L'opposant russe Alexeï Navalny, l'un des opposants les plus résolus du Kremlin, s'est clairement présenté comme un rival de Vladimir Poutine en disant vouloir «devenir président», à moins de deux semaines d'un procès où il risque 10 ans de détention.

«Je veux devenir président», a déclaré l'avocat et blogueur lors d'une interview mercredi soir tard à la chaîne câblée Dojd, proche de l'opposition.

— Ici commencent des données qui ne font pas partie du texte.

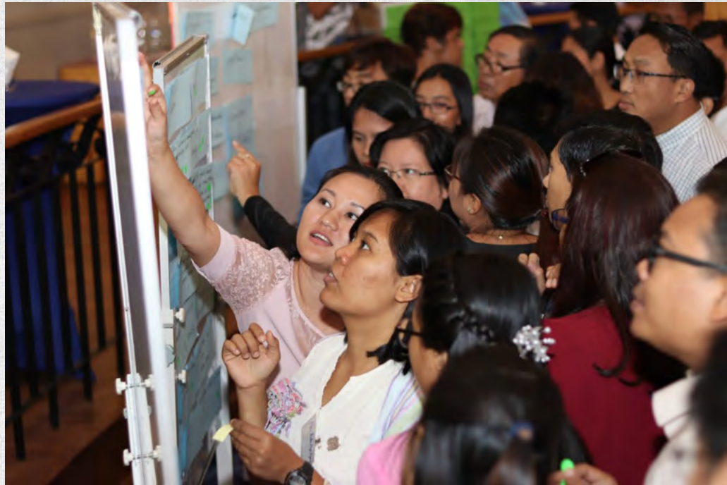
EU-CSO Partnership Strategy Launch event "Shifting Space for Civil Society in Myanmar" in April 2019

«Je veux changer la vie dans le pays, je veux changer le système de gouvernance du pays, je veux faire en sorte que les 140 millions de personnes qui vivent dans ce pays et qui ont du pétrole et du gaz qui sort de terre, ne vivent pas dans la misère et l'indigence la plus noire, mais vivent dans un pays normal, comme en Europe», a-t-il fait valoir.

L'opposant, l'un des plus féroces critiques du président russe, s'exprimait alors qu'il doit être jugé à partir du 17 avril à Kirov, une ville à 900 km à l'est de Moscou, dans un procès pour détournement de fonds, qu'il dénonce comme monté de toutes pièces.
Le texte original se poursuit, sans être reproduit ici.